On the other hand, the bigger problem is that WDMA PON requires network operators to maintain multiple ONUs with different wavelengths instead of one type of ONU. Each ONU has to use narrow-spectrum lasers, which is much more expensive. When a faulty ONU is replaced with an ONU with the wrong wavelength, it will also interfere with other ONUs. ONUs with tunable lasers can solve the problems of multiple types of ONUs, but it will significantly increase the cost of the terminal, and operators will not buy it.

For these reasons, WDMA PON is currently not an attractive solution.

There are several other implementations of WDMA PON:

First, the use of wavelength routed PON (Wavelength Routed PON, WRPON), that is, the main use of waveguide array grating wavelength division multiplexer instead of wavelength-independent optical splitter.

Second, the uplink and downlink channels use the same wavelength, and the ONU uses an external modem to modulate the signal it receives from the OLT (as an uplink carrier signal). This method is also very costly: it places an optical amplifier near the ONU to compensate for signal attenuation, and requires more expensive optical devices to reduce reflection;at the same time, for independent transmission of multiple ONUs, the OLT must have multiple receivers.

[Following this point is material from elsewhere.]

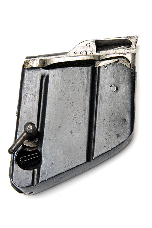 Other Notes: The patent for the Hiscock-Parker Magazine was granted on November the 7th., 1913. Approvals for military service were issued on December 1917 as the "Magazine, .22" Rifle, Mk.I This example is maked to rifle serial No G9013 and has a well defined Enfield inspectors mark.

Third, the ONU can also use low-cost LEDs, and then its wide spectrum is filtered by the waveguide array grating in the upstream optical path. This method requires multiple receivers in the OLT. If the OLT uses a tunable optical receiver, the OLT can only receive a signal from one ONU at a certain time, which is essentially a time division multiple access (TDMA) PON.

TDMA PON

In order to avoid collisions of signals sent by multiple ONUs at the optical combiner, TDMA PON requires each ONU must only send data in its own sending window (also called a time slot).

The main advantage of TDMA PON is that all ONUs work on the same wavelength and use the same devices, and the OLT also only needs one receiver. The ONU transceiver must work at the line rate, even if the bandwidth obtained by the ONU is lower than the line rate bandwidth. However, TDMA PON can effectively change the bandwidth allocated to the ONU by changing the length of the time slot, and use statistical multiplexing to make full use of the PON channel capacity.

In the user access network, most of the traffic is usually the dowstream traffic from the network to the user, not the upstream traffic from the user to the network, and it is not peer to peer. Therefore, it is reasonable to separate the uplink and downlink channels. There are two ways of separating channels:

A simple separation method is air-division multiplexing, where the uplink and downlink signals are transmitted in two optical fibers respectively, that is, dual-fiber bidirectional PON. But this will take up fiber resources, and at the same time will introduce more optical splitters/combiners, so the second type is created.

The other is to use a single fiber for bidirectional transmission, namely single fiber bidirectional PON, in order to save fiber and reduce maintenance costs. At this time, two wavelengths need to be used. λ1 is used for uplink transmission, and λ2 is used for downlink transmission (as shown in the figure below). The capacity of each wavelength channel can be flexibly allocated among ONUs through time slot sharing.

Since only one upstlink wavelength and one OLT optical transceiver are required, time slot sharing (TDMA PON) is a low-cost method for optical channel sharing in the access network, and is commonly used in existing networks.